Using Pain as a Path to Healing
“These pains you feel are messengers. Listen to them.” –Rumi
I’m tired.
I finally started working on my hip, which has been bothering me for two years. At times, the discomfort has been so great, I thought I might need a hip replacement.
So I started physical therapy, which has focused on my pelvis. At my last appointment, when my therapist asked, “How are you feeling?” I answered, “Raw.”
That one word said it all. I didn’t need to add that I had been driving down the road screaming. And that, before that, I needed to cry. I have had so much energy needing to flow. I know that my hip stores many emotions around the loss of my baby decades ago, when my pelvis didn’t open.
I know this, but I also know that I don’t know. I have learned to let the feelings come without explanation.
When my clients ask me for explanations, when they say:
Why am I so tired?
I’m so emotional!
My bloodwork is terrible.
What’s wrong with me?
I tell them to check in with themselves and ask if they could be processing something deeper. It’s important to trust our bodies’ wisdom, which always tells us what we need. The answer may be a need to flow with life, or to go deeper with a physician or therapist.
This process can be mysterious, even frustrating. When we experience pain, we don’t especially want to welcome it as a messenger. We don’t have the patience to listen to it. Instead, it’s easier to justify it or explain it away. Usually, we tell ourselves it’s not okay to feel tired or weak or sick.
But the more we become conscious of our breath, the more we can listen to and hear the wisdom of our bodies. When experiences trigger us, the more we need to do our inner work.

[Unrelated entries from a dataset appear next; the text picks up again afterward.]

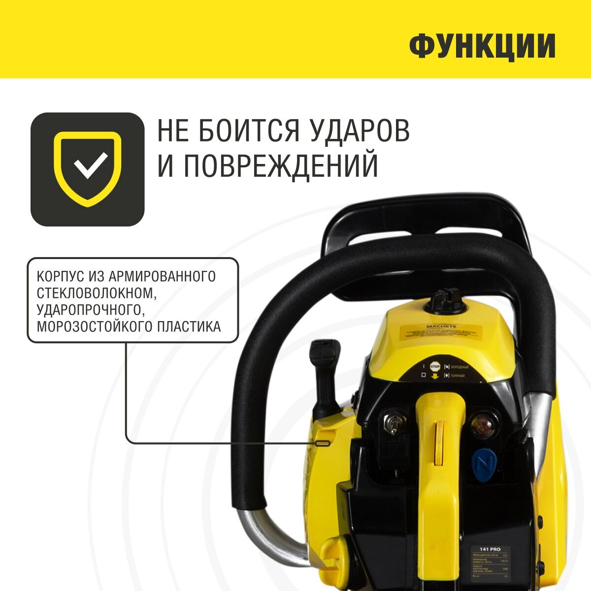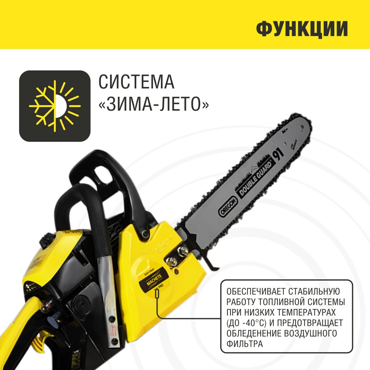 MACHETE PRO The petrol chain saw is designed for professionals. Main features: Increased engine life of the piston group by 5 times Nikasil-coated cylinder and piston with graphite-disulfide-molybdenum coating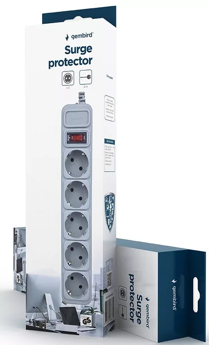 Hálózati elosztó 5-ös (földelt) 3m túlfeszültségvédős Gembird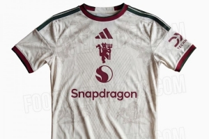 曼联新赛季第三球衣谍照:米白色主色调,设计灵感源于兰开夏玫瑰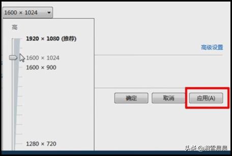 5、然后返回了屏幕分辨率的界面,在“分辨率”一栏适当调整一下分辨率,然后点击下方的“应用”即可完成调整。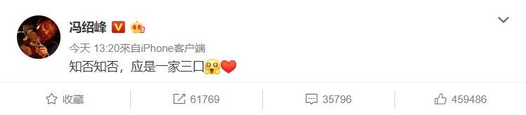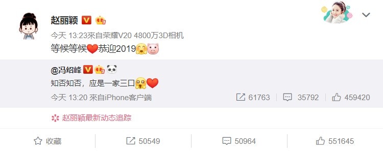 趙麗穎馮紹峰在元旦當日宣布懷孕。(微博截圖)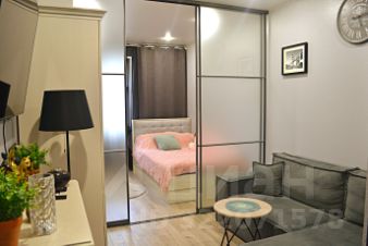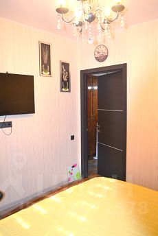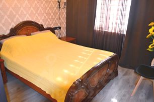 Одна из комнат разделена на спальню и гостиную.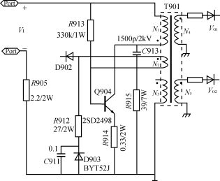 3609 BUJ101AU的雙極型功率開關(guān)晶體管,外形封裝為TO220AB,其驅(qū)動(dòng)信號(hào)來(lái)自于自激振蕩變壓器。該電路具有成本低和所用元器件數(shù)量少的特點(diǎn)。電路的正常交流輸入市電供電電壓范圍為200~250V,即使交流市電供電電壓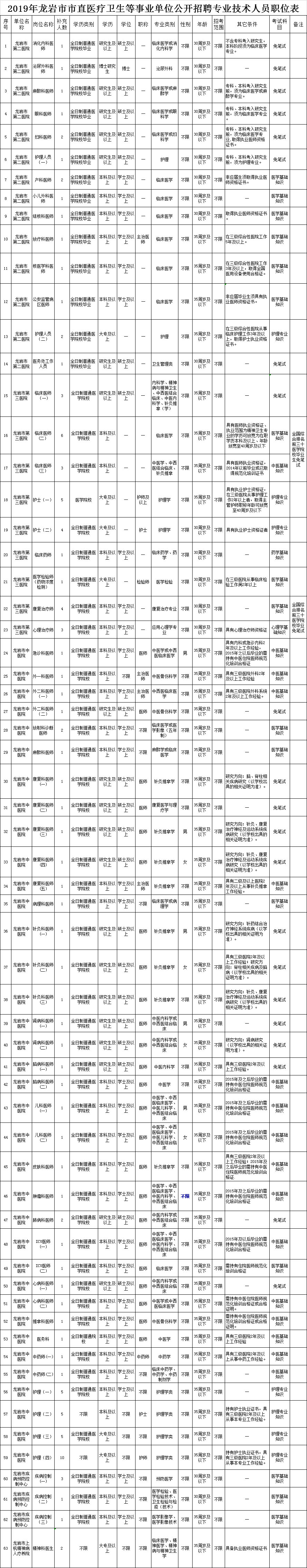 1.2019年龍巖市市直醫(yī)療衛(wèi)生等事業(yè)單位公開招聘專業(yè)技術(shù)人員職位表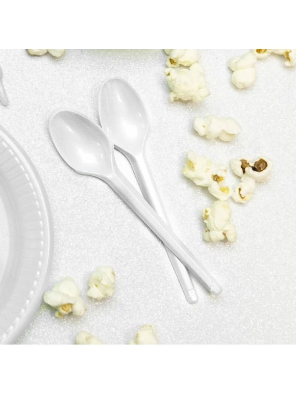 Colher Plástica Sobremesa Branco 25 Unidades Doces Aniversario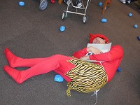 今年の青オニは「忘れオニ」。何故か、ワスレ・オニさんと名乗っていました。赤オニは「病気オニ」。赤城山から来たそうです。

We are all comprised of body, soul, and spirit. Our soul level, which is where we process our feelings, is at a very high level right now. But rather than surrendering to life on life’s terms, our old fear-based thinking tells us something is wrong if we want to slow down.
I know that, for me, when things slow down, I get mad, then scared. I don’t have faith.
But my higher self—and my hip!—is telling me to slow down, especially now. Since my trip to see the grey whales last month, I've been going nonstop. And because it’s Spring, there is a lot of powerful energy to contend with. It’s a time of excitement, of wanting to begin new things. But I still need to be patient and allow things to unfold.
When I expressed my frustration to my daughter Elyse, she wisely told me, “Our bodies are always changing. Breathwork helps us realign through the changes.”
It was wonderful to get such a wise reminder from my child!
And now I’m doing child’s pose everyday for physical therapy, which allows me to connect my pelvis to the earth while I do deep breathing. I can feel things moving as I meet these old places of stuckness from a conscious place.
For example, recently I was brought back to being ten years old, playing on monkey bars, when I slipped and hit my pelvis on the bars. I remember being in so much pain.
Now, thanks to the physical therapy, I’m having conversations with my body. I’m able to assure it, “It’s safe to let go. It’s safe to relax.”
Pema Chodron, in her book Living Beautifully, says, “Pain is awakening energy.”
Until we get comfortable with surrendering to being with the energy of pain, holding space and allowing it to speak to us, we won’t heal on a larger, global level.
Adding breathwork eases the way and makes a path.